Correlation Between Team and International Consolidated
Can any of the company-specific risk be diversified away by investing in both Team and International Consolidated at the same time? Although using a correlation coefficient on its own may not help to predict future stock returns, this module helps to understand the diversifiable risk of combining Team and International Consolidated into the same portfolio, which is an essential part of the fundamental portfolio management process.
By analyzing existing cross correlation between Team Inc and International Consolidated Companies, you can compare the effects of market volatilities on Team and International Consolidated and check how they will diversify away market risk if combined in the same portfolio for a given time horizon. You can also utilize pair trading strategies of matching a long position in Team with a short position of International Consolidated. Check out your portfolio center. Please also check ongoing floating volatility patterns of Team and International Consolidated.
Diversification Opportunities for Team and International Consolidated
0.47 | Correlation Coefficient |
Very weak diversification
The 3 months correlation between Team and International is 0.47. Overlapping area represents the amount of risk that can be diversified away by holding Team Inc and International Consolidated Com in the same portfolio, assuming nothing else is changed. The correlation between historical prices or returns on International Consolidated and Team is a relative statistical measure of the degree to which these equity instruments tend to move together. The correlation coefficient measures the extent to which returns on Team Inc are associated (or correlated) with International Consolidated. Values of the correlation coefficient range from -1 to +1, where. The correlation of zero (0) is possible when the price movement of International Consolidated has no effect on the direction of Team i.e., Team and International Consolidated go up and down completely randomly.

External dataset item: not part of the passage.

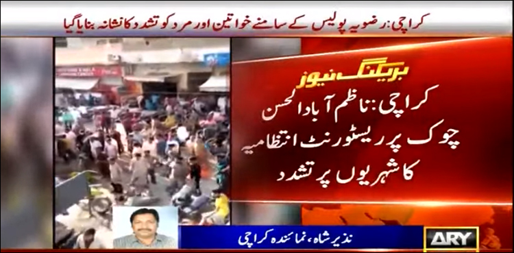 اے آر وائی نیوز کے نمائندے کی رپورٹ کے مطابق شہر قائد کے علاقے ناظم آباد الحسن چوک پر واقع ریسٹورنٹ انتظامیہ کی جانب سے خواتین اور مرد کو تشدد کا نشانہ بنانے کا واقعہ پیش آیا ہے۔

Pair Corralation between Team and International Consolidated
Given the investment horizon of 90 days Team is expected to generate 1.94 times less return on investment than International Consolidated. But when comparing it to its historical volatility, Team Inc is 6.15 times less risky than International Consolidated. It trades about 0.25 of its potential returns per unit of risk. International Consolidated Companies is currently generating about 0.08 of returns per unit of risk over similar time horizon. If you would invest 2.61 in International Consolidated Companies on November 3, 2024 and sell it today you would lose (0.61) from holding International Consolidated Companies or give up 23.37% of portfolio value over 90 days.
Time Period | 3 Months [change] |
Direction | Moves Together |
Strength | Weak |
Accuracy | 95.24% |
Values | Daily Returns |
Team Inc vs. International Consolidated Com
Performance |
Timeline |
Team Inc |
International Consolidated |
Team and International Consolidated Volatility Contrast
Predicted Return Density |
Returns |
Pair Trading with Team and International Consolidated
The main advantage of trading using opposite Team and International Consolidated positions is that it hedges away some unsystematic risk. Because of two separate transactions, even if Team position performs unexpectedly, International Consolidated can make up some of the losses. Pair trading also minimizes risk from directional movements in the market. For example, if an entire industry or sector drops because of unexpected headlines, the short position in International Consolidated will offset losses from the drop in International Consolidated's long position.The idea behind Team Inc and International Consolidated Companies pairs trading is to make the combined position market-neutral, meaning the overall market's direction will not affect its win or loss (or potential downside or upside). This can be achieved by designing a pairs trade with two highly correlated stocks or equities that operate in a similar space or sector, making it possible to obtain profits through simple and relatively low-risk investment.International Consolidated vs. Frontera Group | International Consolidated vs. All American Pet | International Consolidated vs. XCPCNL Business Services | International Consolidated vs. Aramark Holdings |
Check out your portfolio center.Note that this page's information should be used as a complementary analysis to find the right mix of equity instruments to add to your existing portfolios or create a brand new portfolio. You can also try the Cryptocurrency Center module to build and monitor diversified portfolio of extremely risky digital assets and cryptocurrency.